Main JAR Resource: the resource file used by the job. You must upload the resource file to DataWorks before you perform this operation.

Configuration Items: the configuration items required to submit the job.

You do not need to configure spark.hadoop.odps.access.id, spark.hadoop.odps.access.key, and spark.hadoop.odps.end.point. By default, the values of these configuration items are the same as those of the MaxCompute project. You can also explicitly specify these configuration items to overwrite their default values.

You must add the configurations in the spark-defaults.conf file to the configuration items of the ODPS Spark node one by one. The configurations include the number of executors, memory size, and spark.hadoop.odps.runtime.end.point.

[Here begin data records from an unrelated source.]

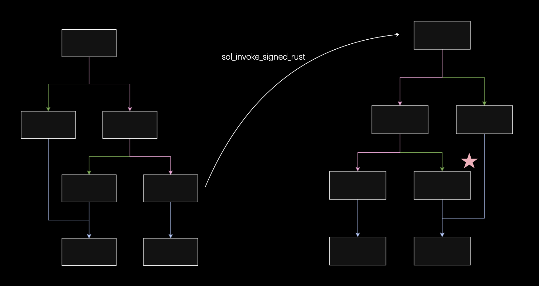 The diagram illustrates this problem. On the left, we have the caller program’s control flow graph, and on the right, the callee program’s CFG. The target basic block (marked with a star) resides within the callee program’s execution paths, only reachable after a sol_invoke_signed_* CPI call from the caller.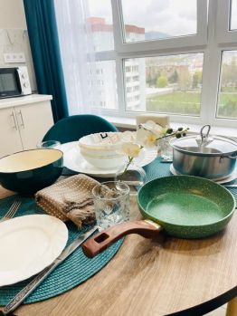 полностью оборудованная кухня: посуда, тарелки, кастрюли, сковорода;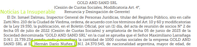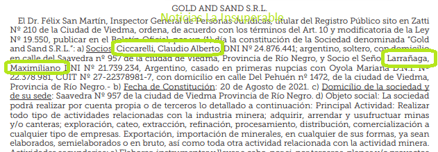 Una de estas, según indica el Boletín Oficial de Río Negro, es GOLD AND SAND S.R.L., constituida el 20 de agosto de 2021, vinculada a la actividad minera. En la misma, será socio mayoritario Ciccarelli con el 90% del capital, mientras que el 10% restante estaba en manos de un tal Maximiliano Larrañaga.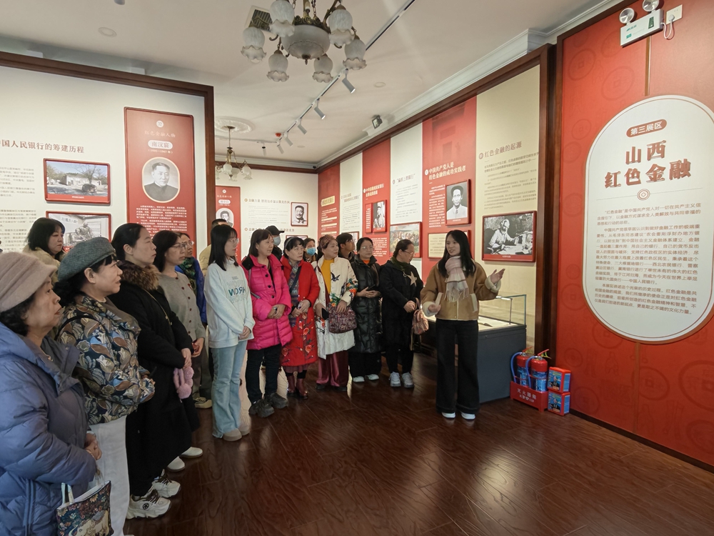 在区文旅发展中心工作人员李振瑶的引导与讲解下,志愿者们依次参观了山西金融源流、民国山西金融、山西红色金融、当代山西金融、新时代山西金融五个展区。从帝尧舜禹时期奠定的诚信伦理,到猗顿提出的“上有利于国,下有济于民”的金融使命;从北魏“太和五铢”的货币改革,到明清票号的兴衰变迁;从红色边区银行的烽火岁月,到新时代山西金融的高质量发展,一幅幅珍贵的历史图片、一件件实物展品、一段段生动的历史故事,让志愿者们全面领略了山西金融文化的深厚底蕴与独特价值。志愿者们始终保持着浓厚的学习热情,认真聆听讲解,不时驻足端详展品,详细记录关键历史节点与金融文化精髓。

The resource file and configuration items of the ODPS Spark node map the parameters and items of the spark-submit command, as described in the following table. You do not need to upload the spark-defaults.conf file. Instead, you must add the configurations in the spark-defaults.conf file to the configuration items of the ODPS Spark node one by one.

ODPS Spark node	spark-submit
Main JAR Resource and Main Python Resource	`app jar or python file`
Configuration Items	`--conf PROP=VALUE`
Main Class	`--class CLASS_NAME`
Arguments	`[app arguments]`
JAR Resources	`--jars JARS`
Python Resources	`--py-files PY_FILES`
File Resources	`--files FILES`
Archive Resources	`--archives ARCHIVES`

Run the ODPS Spark node to view the operational logs of the job and obtain the URLs of both Logview and Jobview from the logs for further analysis and diagnosis.
After the Spark job is defined, you can orchestrate and schedule services of different types in the workflow.